As a part of our series called “5 Things I Wish Someone Told Me When I First Became A Filmmaker”, I had the distinct pleasure of interviewing Alexander Payne.

Alexander Payne is a two-time Oscar-winning writer-director whose films to date are “Citizen Ruth,” “Election,” “About Schmidt,” “Sideways,” “The Descendants,” “Nebraska,” and “Downsizing.” His movies have been nominated for a total of 19 Oscars and have won twice for Best Adapted Screenplay. A lifelong film buff, he serves on the boards of Martin Scorsese’s Film Foundation and the Telluride Film Festival and on the creative committee of the Cinema Ritrovato Festival in Bologna, Italy.

Thank you so much for joining us in this interview series! Our readers would love to get to know you a bit better. Can you tell us a bit of the “backstory” of how you grew up?

I’m a second-generation Greek-American from Omaha, Nebraska, and am the son and grandson of restaurant owners. I fell in love with movies around age five, and a couple of years later, my dad brought home an 8mm projector he’d received as a gift from Kraft Foods, I guess for buying so much cheese. I started collecting silent films with my allowance money and projecting them for my friends, watching them over and over. Then, at age 12, I got a Super 8 camera and was hooked.

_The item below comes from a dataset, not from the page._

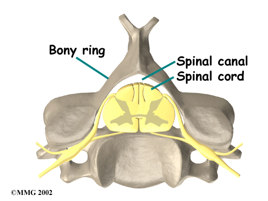 The spine is made of a column of bones. Each bone, or vertebra, is formed by a round block of bone, called a vertebral body. A bony ring attaches to the back of the vertebral body. When the vertebra bones are stacked on top of each other, the bony rings forms a long bony tube that surrounds and protects the spinal cord as it passes through the spine.

My parents were big believers in education and sent me to Stanford, where I majored in history, but I couldn’t bring myself to apply to law school, as they were hammering me to do. Instead, I applied to film school, knowing that I couldn’t die without having at least tried it. I wound up going to UCLA and found that my love of watching movies indeed translated into a love of making them as well. I also had to go to film school to see whether I had any talent, and, although many peers there were more talented, I had at least enough to build on. Plus, I make comedies, which I had not known was rare.

Can you share a story with us about what brought you to this specific career path?

I think most filmmakers have a key film or two that struck them like a thunderbolt and cemented their desire to make films. I’ve seen a ton of movies, but Chaplin’s “Modern Times,” which I’ve seen countless times since I was five, inspired me early on to want to make comedies with emotion. Later, as a college junior still trying to figure out my career path, I saw Kurosawa’s “Seven Samurai.” When it ended, I couldn’t get out of my seat. “I’ll never climb the mountain that high,” I told myself, “but I want to be on that mountain.”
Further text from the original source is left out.